Она уложила меня в большую постель, подоткнула одеяло, потушила лампу. Ровно в десять, как и обещала. С тех пор как она увидела на моем теле следы ожогов, лицо ее приобрело какое-то странное выражение. Мне она сказала лишь, что следов этих осталось не так много — одно пятно на спине, два на ногах — и что я похудела. Я чувствовала, что она старается держаться естественно, но признает меня все меньше и меньше.
— Не оставляй меня одну. Я отвыкла от этого, мне страшно.
Она села рядом со мной и побыла так немного. Я уснула, уткнувшись ртом в ее ладонь. Она ничего не говорила. И уже в самую последнюю долю секунды перед тем как заснуть, на краю зыбкой грани беспамятства, когда все вокруг нереально, когда все возможно, мне в голову впервые пришла мысль, что вне рассказов Жанны я — ничто. Достаточно Жанне солгать, и я стану ложью.
— Я хочу, чтобы ты мне наконец объяснила. Мне неделями твердят: «Потом, потом!» Вчера ты сказала, что я не любила свою тетю. Объясни, почему.
— Потому что она была неприветлива.
— Со мной?
— Со всеми.
— Но раз она взяла меня к себе в тринадцать лет, то должна была меня любить.
— Я не сказала, что она тебя не любила. И потом, это ей льстило. Тебе не понять. Любила — не любила, ты судишь по одному этому!
— Почему Доменика Лои с февраля была со мной?

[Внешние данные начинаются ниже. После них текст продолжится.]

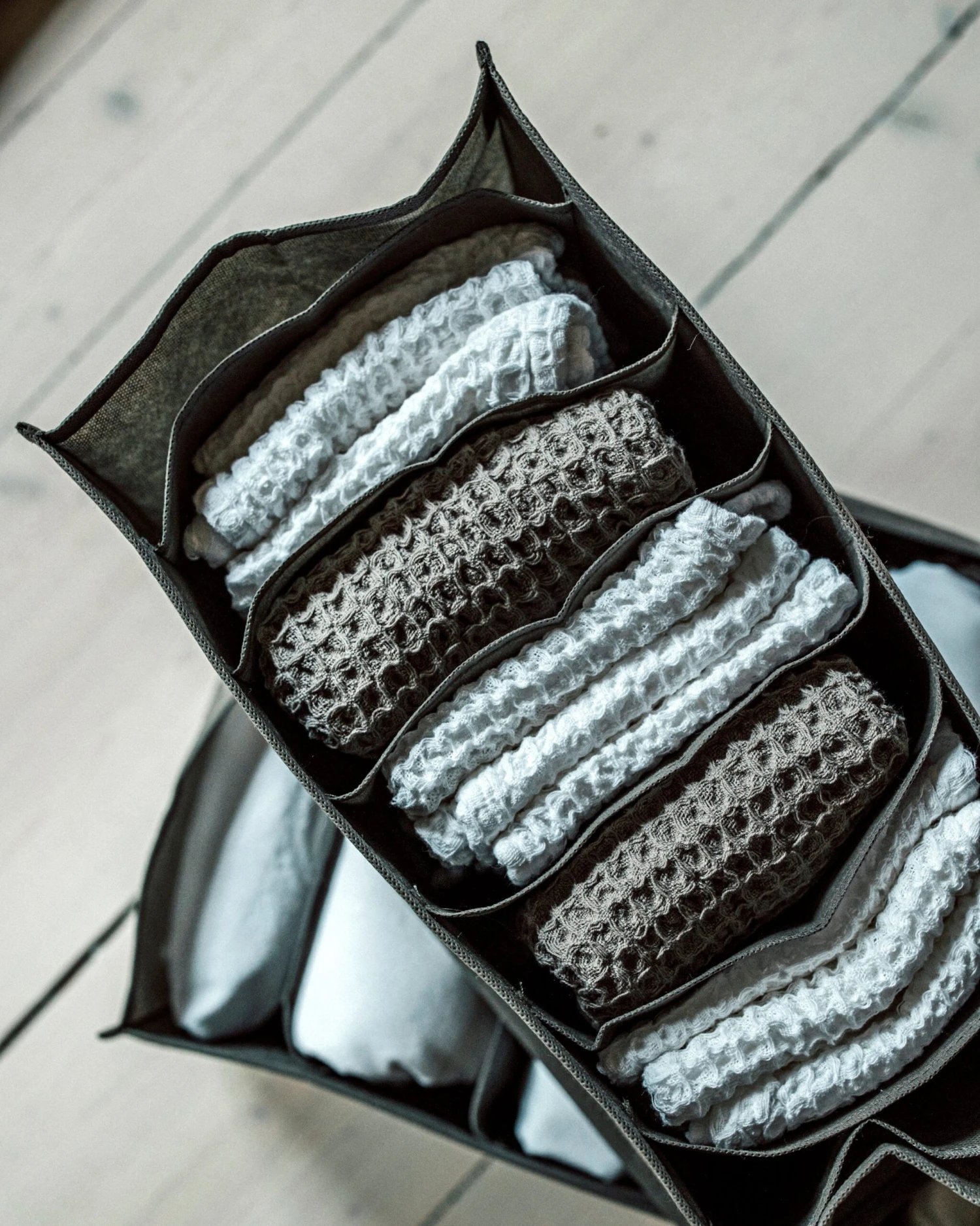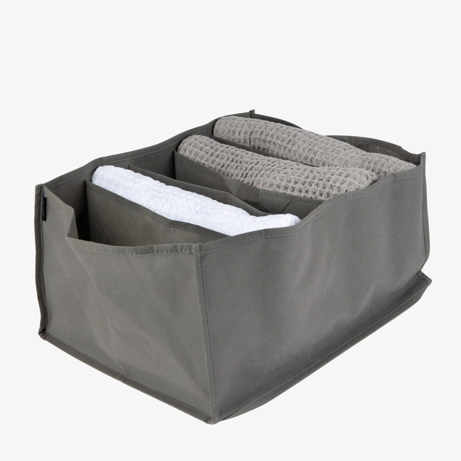 Smarte faltbare Aufbewahrungsbox mit 5 verschiedenen Fächern aus 100 % recyceltem PET. In den Fächern kannst du zum Beispiel Handtücher oder andere Dinge aufbewahren, die du ordentlich verstauen möchtest. Auch in einer kleineren Ausführung mit mehr Fächern erhältlich.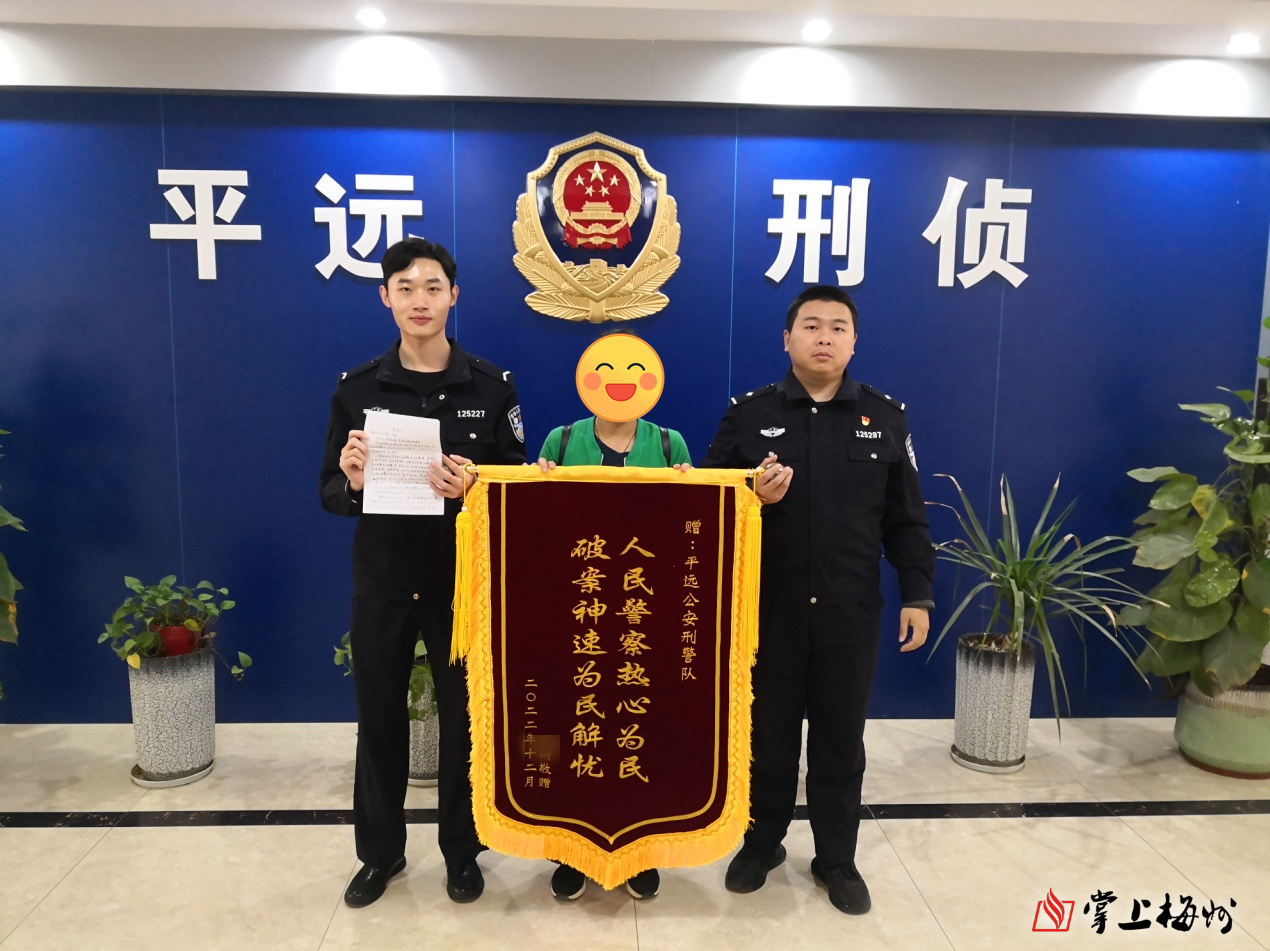 掌上梅州讯 这俗话说得好,金杯银杯不如老百姓的口碑!一声感谢,代表着人民群众对公安机关的信任;一面锦旗,承载着人民群众对民警工作的认可。近期,平远公安接连收到群众送来的锦旗亦或是感谢信,这背后都有怎么样的故事呢?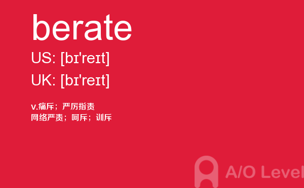 a-level的成绩分为a、b、c、d、e、u六个等级,a为最优,e为通过,u为不及格。如果学生对某门课的成绩不满意,可以选择重考,最终成绩以最好的一次为准。那么a-level考试想要取得a-level高分大家需要做到哪些呢?a/o-level考试网给大家带来的很多a-level考试经验,alevel考试技巧等等,想要考好a-level考试,不仅要知道这些,对于关于a-level考试的所有资讯都需要了解,最重点的是a-level词汇量的积累,今天a/o-level考试网就给大家带来的a-level的考试单词berate的全面解析。如果您想了解alevel机构,南京最好的alevel培训机构,alevel数学题,alevel考试形式等关于a-level考试的相关资讯,请继续浏览并关注课窝a/o-level考试网。

— В феврале ты ее встретила. И только гораздо позже она стала следовать за тобой. А вот почему — это было известно тебе одной! Что я, по-твоему, должна тебе сказать? Каждые три дня у тебя появлялось новое увлечение: машина, собака, американский поэт, Доменика Лои — все это были глупости из одного ряда. В восемнадцать лет я отыскала тебя в одной гостинице Женевы с каким-то мелким конторским служащим. В двадцать — в другой гостинице с Доменикой Лои.
— Чем она была для меня?
— Рабыней, как все прочие.
— Как ты?
— Как я.
— И что произошло?
— Да ничего. Что, по-твоему, должно было произойти? Ты швырнула мне в голову чемодан, потом вазу, за которую мне пришлось довольно дорого заплатить, и уехала со своей рабыней.
— Где это все было?
— В резиденции «Вашингтон» на улице Лорда Байрона, четвертый этаж, номер четырнадцатый.
— Куда я поехала?
— Понятия не имею. Я этим не занималась. Твоя тетка ждала только тебя, чтобы отдать Богу душу. Вернувшись к ней, я получила свою вторую оплеуху за восемнадцать лет. Спустя неделю она умерла.
— Я так и не приехала?
— Нет. Не скажу, что я ничего о тебе не слышала, — ты делала достаточно глупостей, чтобы о тебе говорили, — но мне ты месяц не давала о себе знать. То есть приблизительно столько времени, сколько тебе потребовалось, чтобы ощутить нехватку денег. И наделать столько долгов, чтобы даже твои альфонсики перестали тебе верить. Я получила телеграмму во Флоренции: «Прости, несчастна, денег, целую тебя тысячу раз повсюду, лоб, глаза, нос, губы, обе руки, ноги, будь великодушна, я рыдаю, твоя Ми». Клянусь, текст был слово в слово такой, я покажу тебе телеграмму.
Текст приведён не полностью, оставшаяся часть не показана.